Pepper species (Capsicum spp.) are widely used as food, spice, decoration, and medicine. Despite the recent old-world culinary impact, more than 50 commercially recognized pod types have been recorded worldwide from three taxonomic complexes (A, B, and P). The current study aimed to apply a pan-plastome approach to resolve the plastomic boundaries among those complexes and identify effective loci for the taxonomical resolution and molecular identification of the studied species/varieties. High-resolution pan-plastomes of five species and two varieties were assembled and compared from 321 accessions. Phyloplastomic and network analyses clarified the taxonomic position of the studied species/varieties and revealed a pronounced number of accessions to be the rare and endemic species, C. galapagoense, that were mistakenly labeled as C. annuum var. glabriusculum among others.
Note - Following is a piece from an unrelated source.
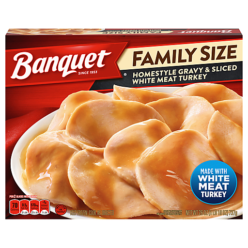 With quality, mouthwatering ingredients, a great frozen meal option is just minutes away with Banquet Family Size Homestyle Gravy and Sliced White Meat Turkey. Satisfy your family's turkey dinner cravings with this family size frozen food meal of tender, sliced white meat turkey with homestyle gravy. Made with wholesome ingredients, these turkey slices make easy, ready made meals for the family any day of the week. Serve turkey with mashed potatoes and corn. Preparation of frozen family meals is easy in the microwave or the oven. Just heat frozen turkey according to the instructions on the package for prepared meals ready in minutes. Store this family size frozen meal in the freezer until ready to prepare. in the U.S.A. for over 60 years, Banquet has been making delicious food the whole family loves.

Similarly, some NCBI-deposited plastomes were clustered differently from their labels. The rpl23-trnI intergenic spacer contained a 44 bp tandem repeat that, in addition to other InDels, was capable of discriminating the investigated Capsicum species/varieties. The rps16-trnQ/rbcL-accD/ycf3-trnS gene set was determined to be sufficiently polymorphic to retrieve the complete phyloplastomic signal among the studied Capsicum spp. The pan-plastome approach was shown to be useful in resolving the taxonomical complexes, settling the incomplete lineage sorting conflict and developing a molecular marker set for Capsicum spp. identification.